Menurut Omjay, pelayanan dari KAI Commuter patut diapresiasi. Perbaikan yang dilakukan bukan sekadar kosmetik, tetapi menyentuh kebutuhan dasar penumpang.
"Ini bukti bahwa pelayanan publik di Indonesia bisa maju. Tinggal kita jaga bersama."
5. PR Bersama: Menjaga yang Sudah Baik
Meski banyak kemajuan, Omjay tidak menutup mata bahwa masih ada tantangan. Jam sibuk tetap padat. Masih ada penumpang yang kurang disiplin.
Namun ia tidak ingin hanya mengkritik. Omjay mengajak semua pihak untuk ikut menjaga.
"KRL ini milik kita bersama. Jangan rusak dengan sikap tidak peduli," pesannya.
Omjay mengingatkan hal-hal sederhana: tidak membuang sampah sembarangan, tidak dorong-dorongan, dan saling menghormati.
"Kalau kita ingin Indonesia maju, mulailah dari kebiasaan kecil di tempat umum seperti KRL."
Penutup: Bangga Naik KRL
Kereta akhirnya tiba di Stasiun Bogor. Omjay turun dengan langkah ringan. Di pundaknya, ransel penuh buku. Di hatinya, penuh rasa syukur.
"Dulu naik KRL karena terpaksa," katanya. "Sekarang naik KRL karena bangga."
Perjalanan hari itu bukan sekadar perjalanan fisik, tetapi perjalanan batin. Dari gerbong kereta, Omjay melihat harapan. Bahwa Indonesia bisa berubah, jika ada kemauan dan kerja nyata.

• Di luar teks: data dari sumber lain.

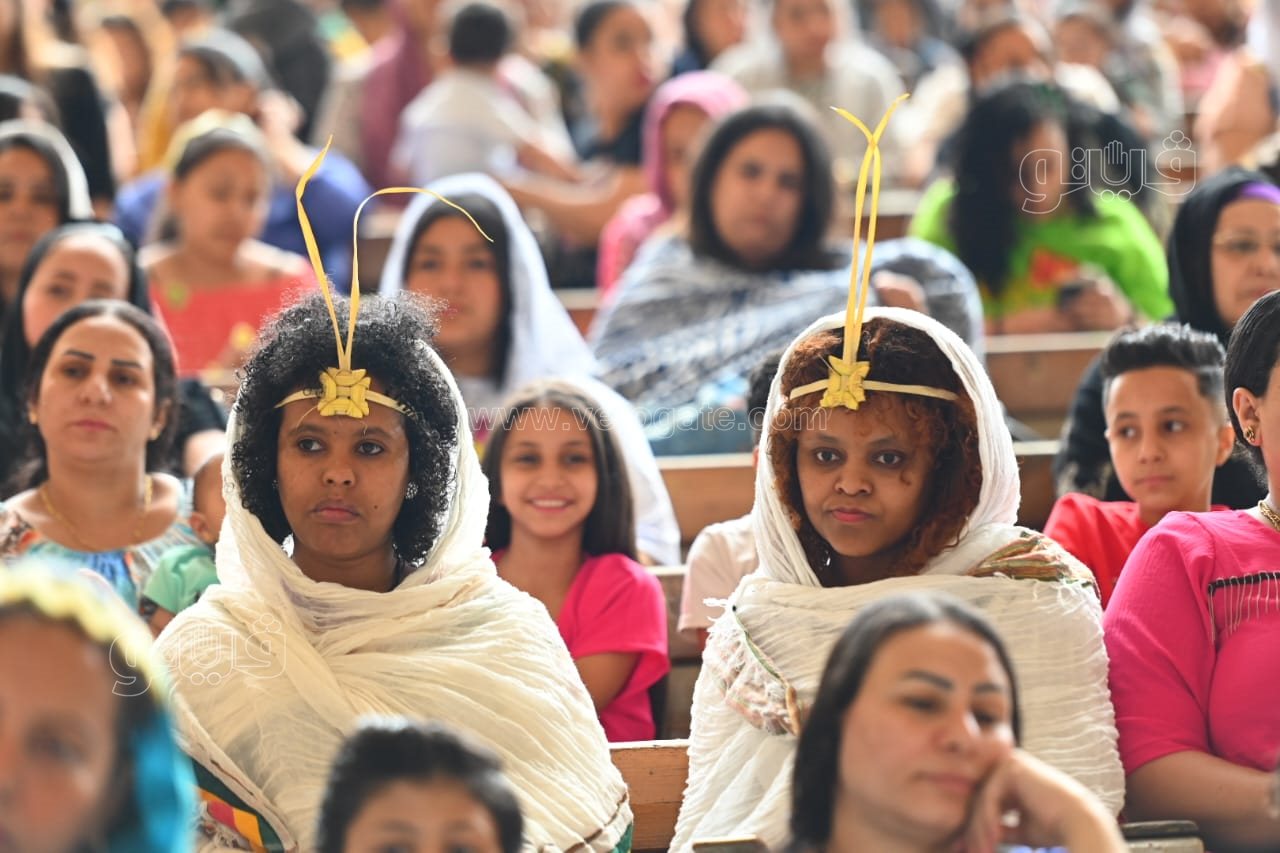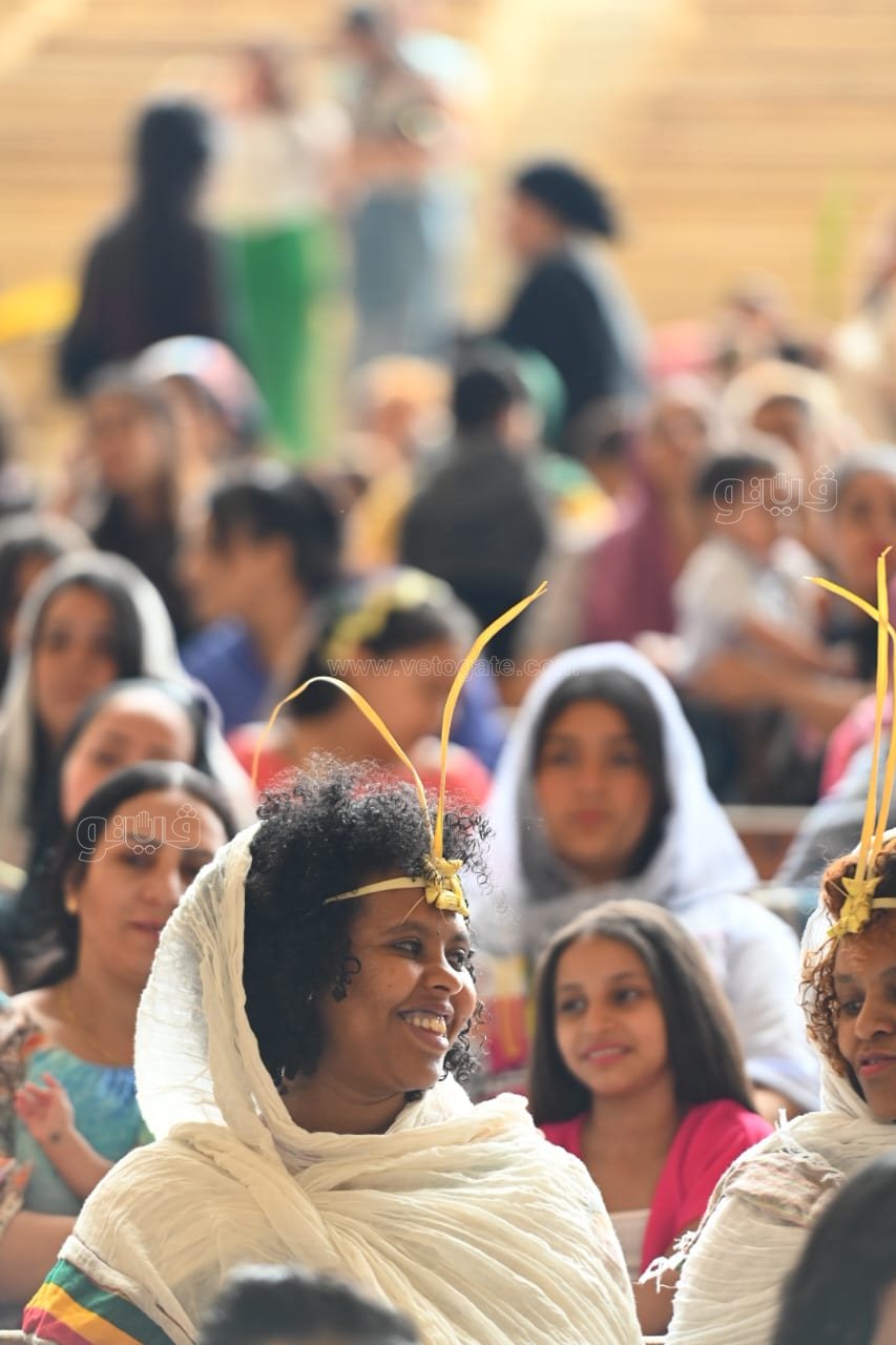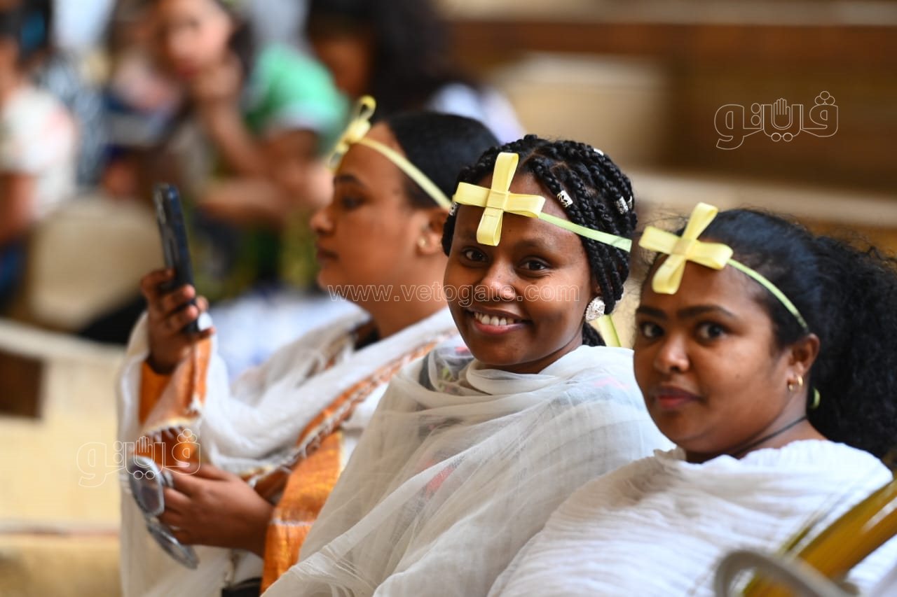 واحتفل الحضور من المصريين مع الجالية السودانية بأحد الشعاين بحمل زعف النخيل والذي اتخذ أكثر من شكل أبرزها القلب والتاج، احتفالا بذكرى دخول السيد المسيح إلى أورشليم راكبا على جحش ابن اتان.

KRL hari ini bukan lagi sekadar transportasi. Ia adalah simbol kemajuan, cermin peradaban, dan ruang belajar tanpa batas.
Dan dari sana, Omjay mengajarkan kita satu hal sederhana namun bermakna:
Indonesia maju dimulai dari pelayanan publik yang baik, dan masyarakat yang mau menjaganya bersama.